Ans: a. Implication of ‘Large Number of Buyers and Sellers’  Under perfect competition, the numbers of sellers are so large that each seller supplies a very small portion of the total quantity offered in the market. In this situation, any increase or decrease in supply by an individual seller has negligible effect on the total supply of the commodity in the market. As a result, a single seller is not in a position to influence the price of the product and therefore, takes the price of the product. Similarly, the number of buyers is so large that the demand of each buyer is a very small portion of the total demand of the market. Under such condition, no single buyer shall be able to influence the market price of the commodity by increasing or decreasing its purchases.
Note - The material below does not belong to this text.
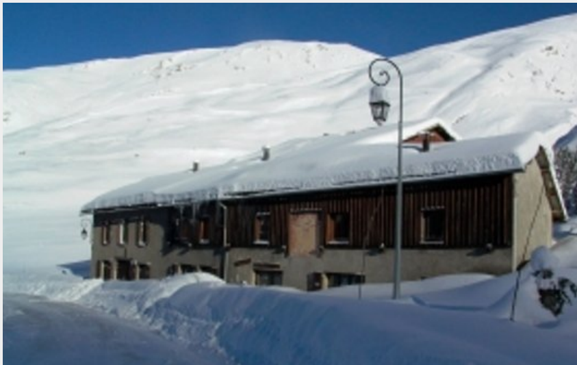
Extérieur du Chalet Alpage Tangente l'hiver

b. Homogeneous Product: The product produce by the firms under perfect competition is homogeneous in nature which means products are identical in shape, size, colour taste etc. It means products of various firms are perfect substitutes for one another. As a result of this feature, the buyer cannot distinguish between the product of one firm and that of another. Therefore, buyer becomes indifferent to the particular firm from which he buys. In this situation, no firm can charge different price of the product it produces. Hence, a uniform price prevails in the market and demand curve is perfectly elastic.                                                                                                                                                 
9Explain the shape of Average Revenue (AR) and Marginal Revenue (MR) under perfect competition. Ans: In perfect competition, a firm can sell any amount of output at a given price. It means firm’s additional revenue (MR) from the sale of every additional unit of the commodity will be just equal to the market price (AR). Hence Average Revenue and marginal revenue become equal (AR=MR) and constant in that situation. As a result the AR curve and MR curve will be same and both curve will be horizontal or parallel to the X-axis.  
 10Explain a firm under Perfect Competition is  Price Taker
Ans: In a perfectly competitive market, the price of a commodity is determined by the demand and supply of the whole industry. A firm working under the industry has to accept the price decided by the industry. Here the group of firms collectively known as industry. Under perfect competition the price of a commodity is determined by intersection of market demand and market supply of the whole industry.  Therefore, industry is called price maker. Every firm has to accept the price determined by the industry. It means a firm cannot change the price, it takes the price as it is and hence known as price taker. Diagram We know that all firms under perfect competition produce homogeneous products. It implies that all firms charge the same price for the products. If any firm attempts to charge a higher price, no buyer buys it from the firm. Besides this, there are a large number of firms. It implies that each firm is so small compared to the market that no single firm can influence the market price.